*What the task requires*.
Copy exactly the stretch of data below from the line with "Promo DUMDUM Hari" through the line with "传统对于偏瘫肢体的治疗方法,注重如何恢复", including both of those lines.

*Given records*.
#####
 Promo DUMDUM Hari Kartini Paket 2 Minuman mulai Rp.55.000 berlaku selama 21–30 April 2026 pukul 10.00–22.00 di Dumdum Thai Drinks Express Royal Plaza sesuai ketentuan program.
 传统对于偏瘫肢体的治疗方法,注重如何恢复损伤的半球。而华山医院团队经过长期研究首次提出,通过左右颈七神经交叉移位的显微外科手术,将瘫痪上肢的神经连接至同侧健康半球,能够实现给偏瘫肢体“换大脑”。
#####
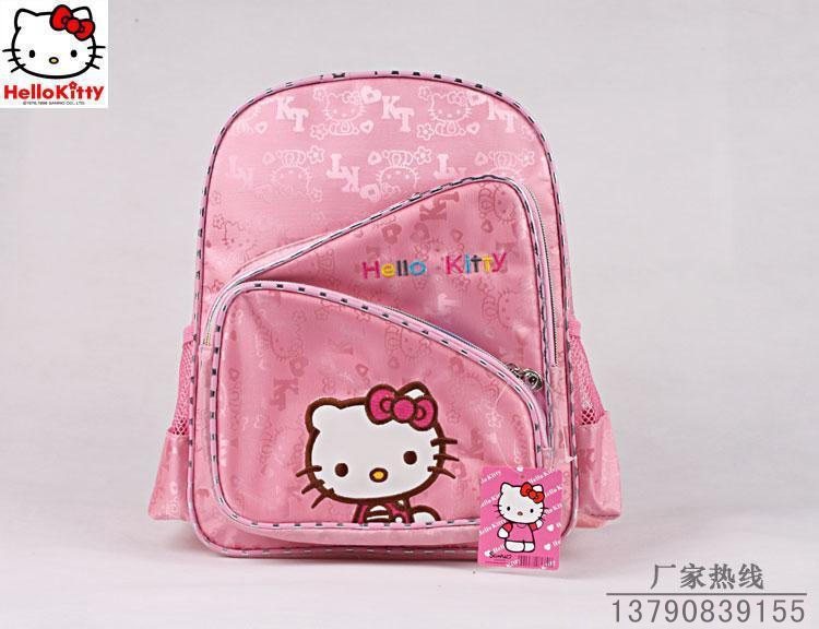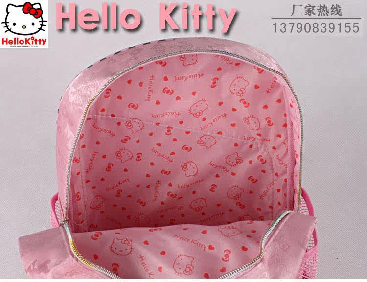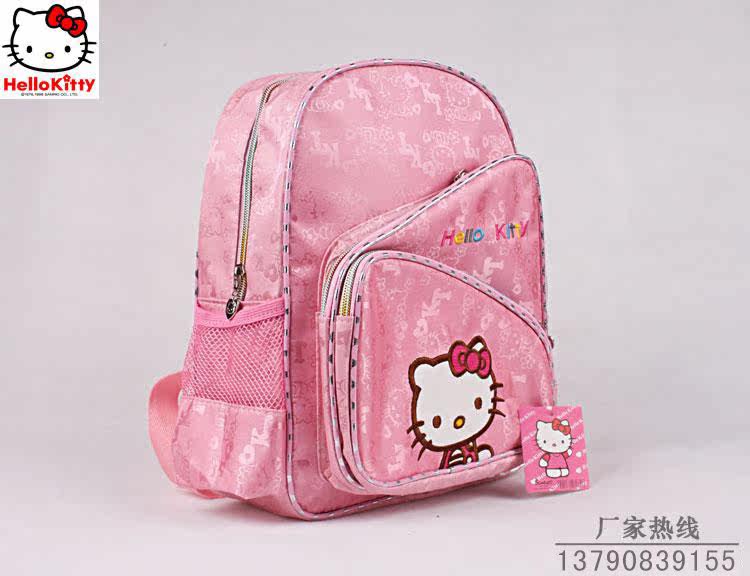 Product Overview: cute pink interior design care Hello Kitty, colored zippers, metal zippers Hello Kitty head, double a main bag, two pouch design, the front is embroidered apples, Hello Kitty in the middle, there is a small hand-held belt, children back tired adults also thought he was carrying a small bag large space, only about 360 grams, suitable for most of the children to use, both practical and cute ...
#####
*Completed task*.
 Promo DUMDUM Hari Kartini Paket 2 Minuman mulai Rp.55.000 berlaku selama 21–30 April 2026 pukul 10.00–22.00 di Dumdum Thai Drinks Express Royal Plaza sesuai ketentuan program.
 传统对于偏瘫肢体的治疗方法,注重如何恢复损伤的半球。而华山医院团队经过长期研究首次提出,通过左右颈七神经交叉移位的显微外科手术,将瘫痪上肢的神经连接至同侧健康半球,能够实现给偏瘫肢体“换大脑”。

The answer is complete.